On the contrary, other scholars do not consider this as an obstacle for issuing binding interpretations pending an arbitral proceeding. It is said (p. 479-480) that the protection of investors’ procedural position from political interferences in the proceedings should, at best, be deferred to the State of the investor’s nationality.

In my view, even admitting that arbitrators may assess that an authentic interpretation actually modifies the treaty, it is highly questionable that a tribunal could review JIs in light of principles and values that do not have a cogent impact on States’ interpretative or amending powers – for instance, those principles embodying due process (although in the EU context, where primary law includes the fundamental rights to an effective remedy, such issue has not gone unnoticed by the European Court of Justice (ECJ) with respect to the CETA’s JIC: see here, paras 232-237).
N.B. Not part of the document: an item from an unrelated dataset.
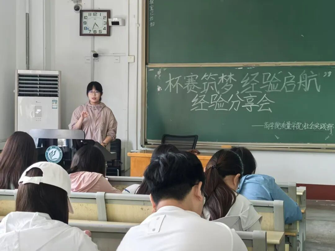 为共同汲取竞赛经验,激发同学们的创新热情,5月18日,565net必赢官方网于东校区1#302举办“杯赛逐梦 经验启航”挑战杯经验分享会,2022级2班夏宁受邀担任主讲嘉宾,2023、2024级共53名学生参会。
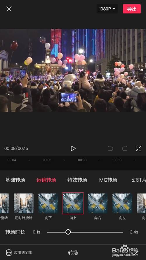 这样我们就可以把该视频从定位的位置分割为两段了,用同样的方法我们可以把视频分割成几部分。然后给剪辑的地方加上转场过渡。

Therefore, the alleged substantial and procedural limitations on States’ interpretative powers of investment treaties, provided that they actually exist, simply cannot prevail over States’ power to control their treaties.

That being said, in the circumstances where JIs patently amend rather than interpret the treaty – or indicate that their purpose is to unduly interfere with the outcome of a specific case – tribunals may be inclined to react by disregarding them. A joint interpretative action may be perceived by tribunals as an action affecting their judicial nature, to the extent that it affects aspects of the fundamental tenets of the judicial function, such as the independence of the tribunal and the principle of equality of parties. In such extreme cases, arbitral tribunals might invoke the “inherent limitations” to the judicial function. The concept, which has been developed by the International Court of Justice (p. 29), may be intended either as a limit preventing tribunals to exercise non-judicial functions and requiring tribunals to act consistently with their judicial nature. Such limitations may prompt tribunals to disregard “abusive” JIs in case they are perceived as seriously affecting the fundamental characters of any litigation process, and, ultimately, the integrity of arbitration.
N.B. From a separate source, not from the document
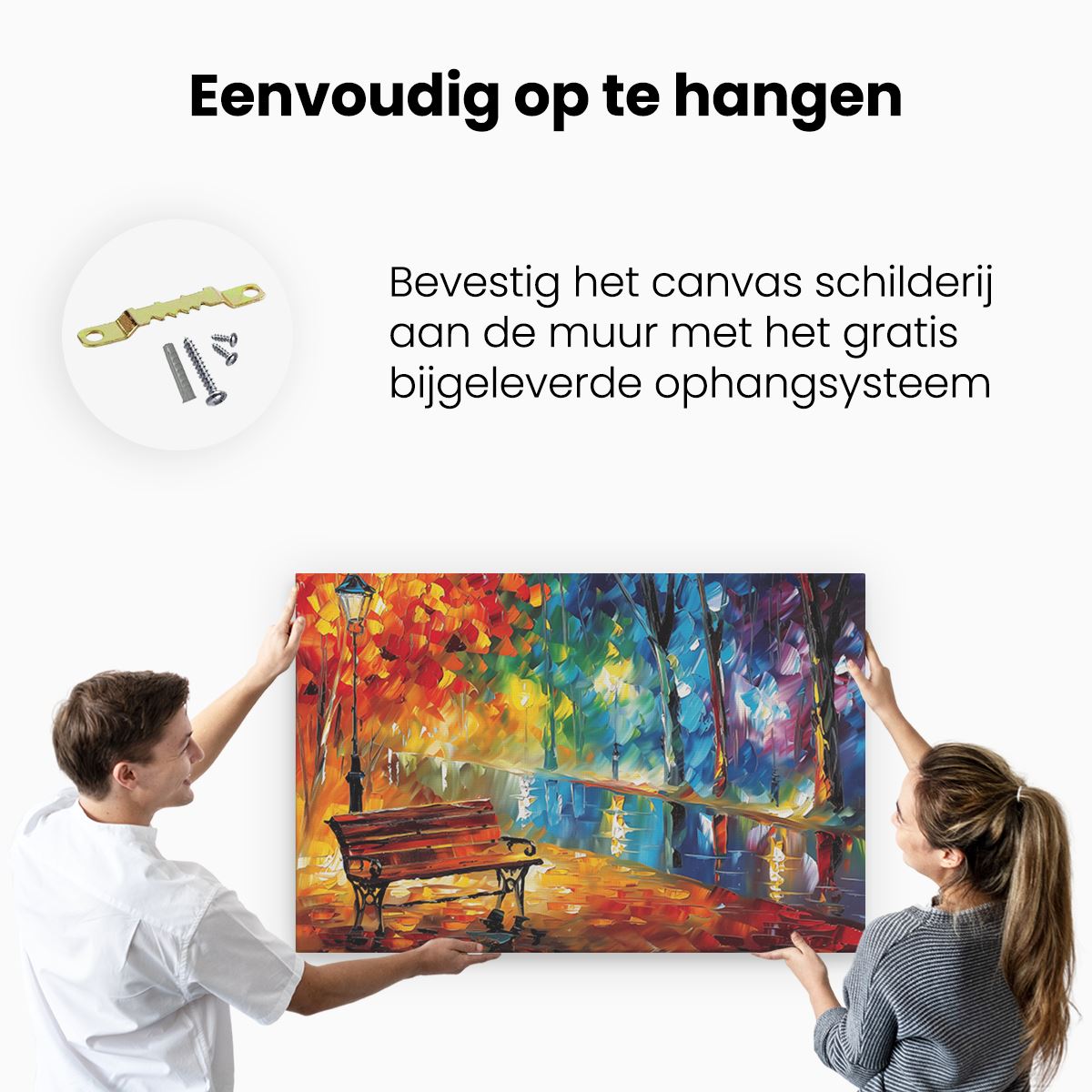 Bij aankoop ontvang je een meegeleverd ophangsysteem, zodat je op een simpele en snelle wijze het schilderij boven de bank of bed kan monteren.

In more general terms, the issues at stake show that the law of treaties, based on the idea the States are masters of their treaties, is not equipped to face cases of mutual treaty actions that adversely affect the position of individuals and tribunals involved in treaty proceedings. On the other hand, the need to preserve the integrity of the judicial function may provide a tool for arbitral tribunals to react against retroactive and patently “abusive” JIs. In such a scenario, a tension may arise between the law of treaties and the principles assisting the judicial function, in the context of which the beneficiaries of the treaties – i.e. the investors – are primarily affected. Such controversy may be intensified when it comes to States’ mutual actions leading to the modification or termination of investment treaties. The 2020 Agreement for the Termination of all Intra-EU Bilateral Investment Treaties is one such example (see here and my take in Rivista di diritto internazionale privato e processuale, 4/2020, p. 843).

 

Conclusion

In answer to the general question raised in this post, in my view, the involvement of non-State entities in a treaty should not affect the capacity of State parties to jointly act as “masters of their treaties”. However, although States may freely “manage” their treaties, even by retroactively impinging upon the rights conferred within them, this may rightly sound controversial under a rule-of-law perspective and particularly for the integrity of arbitration (see here and here).